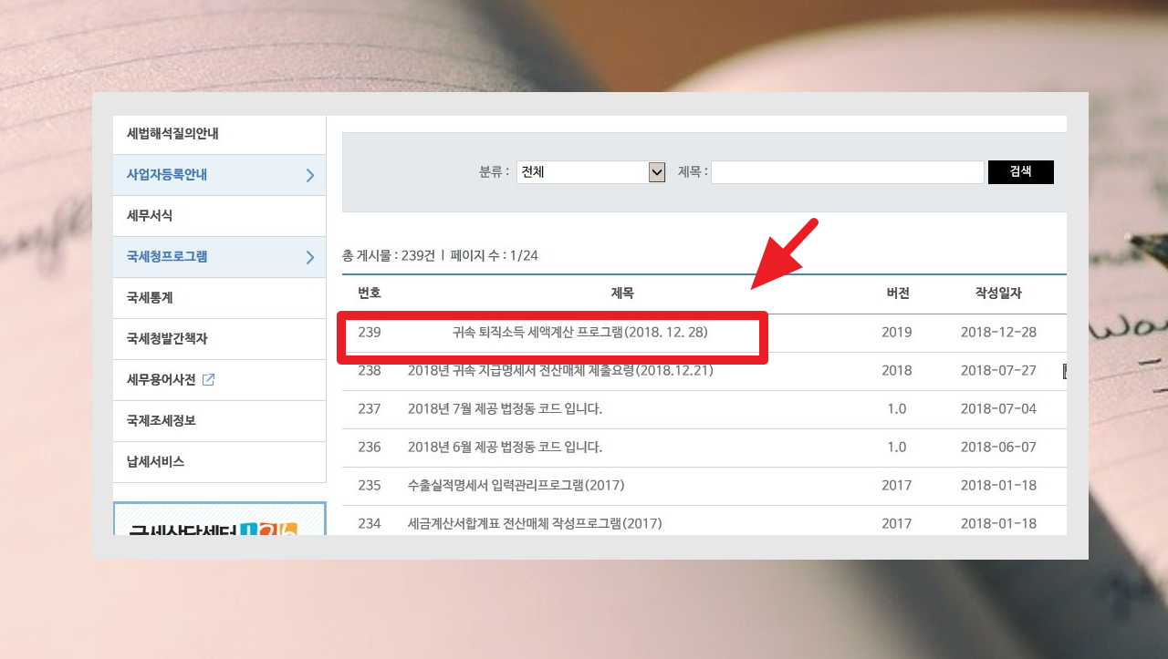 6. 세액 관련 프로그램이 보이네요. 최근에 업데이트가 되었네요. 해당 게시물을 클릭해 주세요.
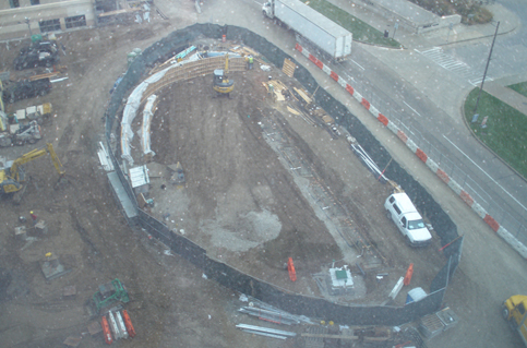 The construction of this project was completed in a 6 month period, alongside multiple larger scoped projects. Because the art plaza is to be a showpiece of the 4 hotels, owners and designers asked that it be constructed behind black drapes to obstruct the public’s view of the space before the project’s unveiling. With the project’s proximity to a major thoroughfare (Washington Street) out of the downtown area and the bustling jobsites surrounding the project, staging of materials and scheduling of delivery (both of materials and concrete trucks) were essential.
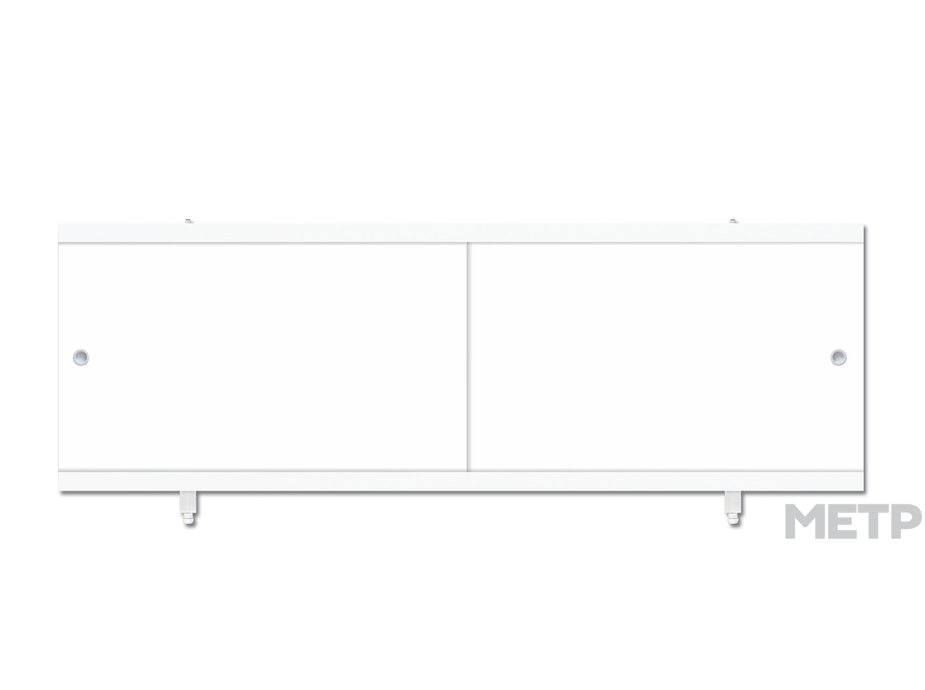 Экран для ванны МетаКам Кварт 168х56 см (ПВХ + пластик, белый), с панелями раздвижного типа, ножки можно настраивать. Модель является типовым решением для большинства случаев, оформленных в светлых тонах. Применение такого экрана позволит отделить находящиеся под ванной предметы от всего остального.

----------

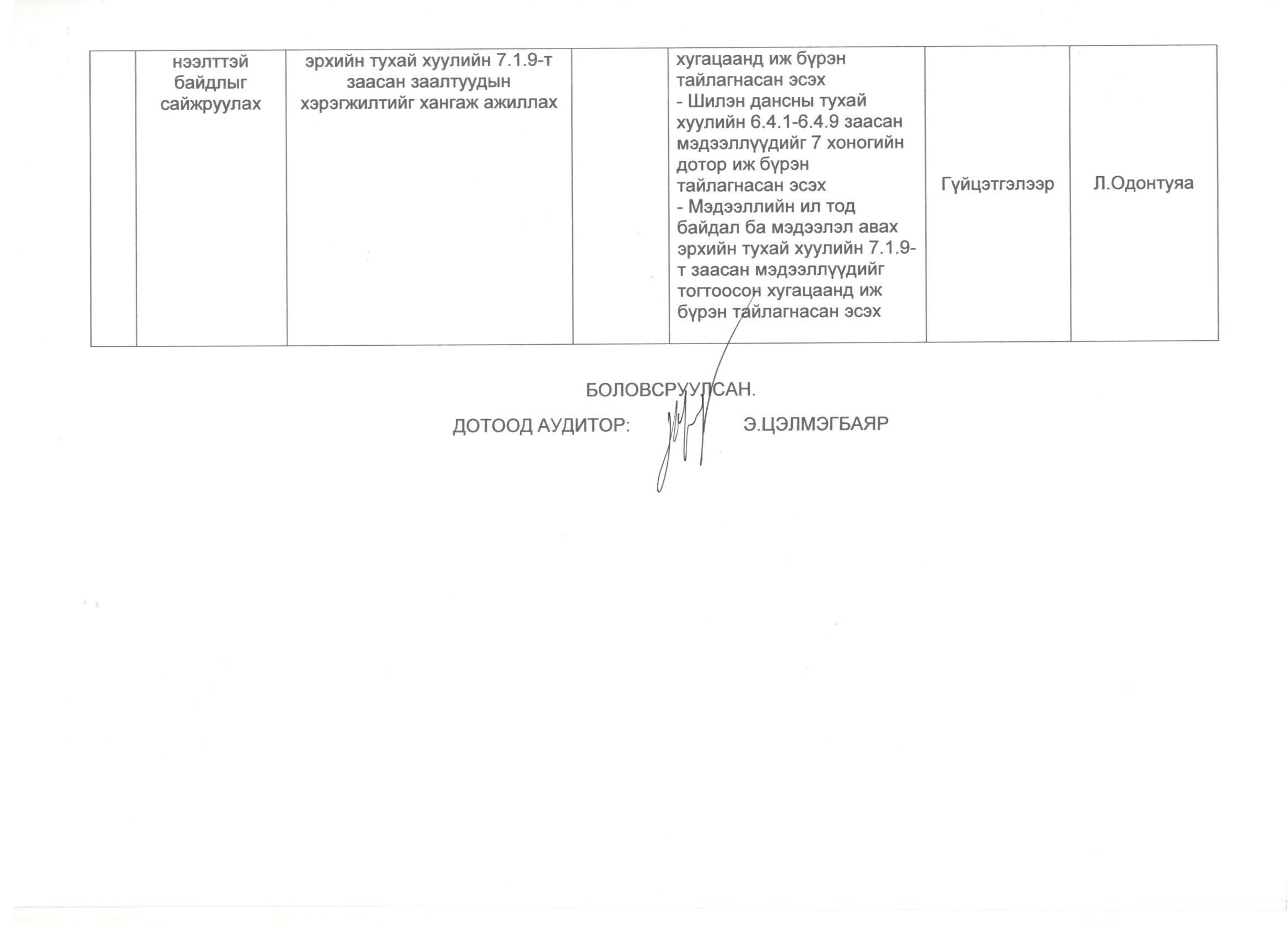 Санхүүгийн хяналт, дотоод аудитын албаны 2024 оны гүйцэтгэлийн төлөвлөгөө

----------

Instructions to follow: Copy exactly the lines of the entries above from the one containing "6. 세액 관련 프로그램이" through the one containing "Экран для ванны". Both end lines count; pictures do not.

Result for this exercise:
 6. 세액 관련 프로그램이 보이네요. 최근에 업데이트가 되었네요. 해당 게시물을 클릭해 주세요.
 The construction of this project was completed in a 6 month period, alongside multiple larger scoped projects. Because the art plaza is to be a showpiece of the 4 hotels, owners and designers asked that it be constructed behind black drapes to obstruct the public’s view of the space before the project’s unveiling. With the project’s proximity to a major thoroughfare (Washington Street) out of the downtown area and the bustling jobsites surrounding the project, staging of materials and scheduling of delivery (both of materials and concrete trucks) were essential.
 Экран для ванны МетаКам Кварт 168х56 см (ПВХ + пластик, белый), с панелями раздвижного типа, ножки можно настраивать. Модель является типовым решением для большинства случаев, оформленных в светлых тонах. Применение такого экрана позволит отделить находящиеся под ванной предметы от всего остального.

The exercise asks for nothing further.